Para Jarbas, 2011 foi um ano politicamente medíocre em todos os sentidos. “A oposição precisa de união e de especialistas em seus quadros, pessoas que entendam de Petrobras, políticas sociais, estatais”, diz o senador. “Sem isso, o governo pode continuar falando o que quiser e não conseguiremos rebater. Todo mundo sabe que a Petrobras é um antro de corrupção, mas ninguém pode fazer essa acusação institucionalmente, porque não há provas”.
Governo X oposição - Os parlamentares de oposição consideram o desempenho dos governistas igualmente lastimável. “A chamada base aliada ainda não mostrou para o que serve, a não ser para barrar a convocação de ministros pelo Congresso”, diz o senador Aloysio Nunes Ferreira. “Quando assumiu, Dilma apresentou uma extensa pauta legislativa, mas nada saiu do papel”. Jarbas lembra que a presidente não deu um tratamento uniforme para todos os ministros acusados de corrupção. “Variou de partido para partido”, afirma o parlamentar pernambucano. “Ficou clara a defesa do PT e, mesmo assim, a base aliada continuou submissa”. Para Jarbas, é absurdo Dilma defender Fernando Pimentel das acusações de tráfico de influência com o argumento de que as irregularidades aconteceram antes da chegada do ex-prefeito de Belo Horizonte ao ministério. “O político deve explicações à sociedade tanto da vida pública, quanto da privada”, enfatiza. “Lula e os petistas podem não ter inventado a corrupção, mas, sem dúvida, a exacerbaram".

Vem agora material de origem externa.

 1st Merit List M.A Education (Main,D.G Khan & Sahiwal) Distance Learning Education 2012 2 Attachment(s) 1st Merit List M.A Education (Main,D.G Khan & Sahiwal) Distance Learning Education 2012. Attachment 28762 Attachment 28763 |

O ex-deputado federal Fernando Gabeira acredita que o processo de oposição no Brasil foi conduzido pelas denúncias da imprensa. “O grande impulso oposicionista aconteceu na sociedade e sem a mediação dos políticos de oposição”.

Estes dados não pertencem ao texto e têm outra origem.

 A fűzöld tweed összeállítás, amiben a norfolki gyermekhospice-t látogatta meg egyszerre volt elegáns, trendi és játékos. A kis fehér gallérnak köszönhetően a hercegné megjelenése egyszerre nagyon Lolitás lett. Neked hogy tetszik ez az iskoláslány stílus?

Gabeira atribui o fraco desempenho à falta de articulação. “No último trimestre, houve o anúncio da completa estagnação da economia e a oposição foi incapaz de levantar a questão”, diz. “A luta parlamentar não se resume à votação de projetos e convocação de CPIs. O processo é mais amplo e é dentro dessa amplitude que a oposição deveria agir. Não me lembro de nenhum grande encontro nacional, de nenhum seminário organizado com a proposta de discutir o Brasil”.
A oposição talvez seja bem menos frágil do que imaginam os senadores e deputados. Nas últimas eleições, 44 milhões de brasileiros votaram contra o governo. O abismo que separa a indignação da sociedade e a falta de entusiasmo da oposição sugere a falta de representantes para esse eleitorado. Os eleitos esqueceram o que Fernando Henrique Cardoso, num artigo para a revista Interesse Nacional, considerou “óbvio e quase ridículo de escrever”: cabe às oposições se oporem ao governo.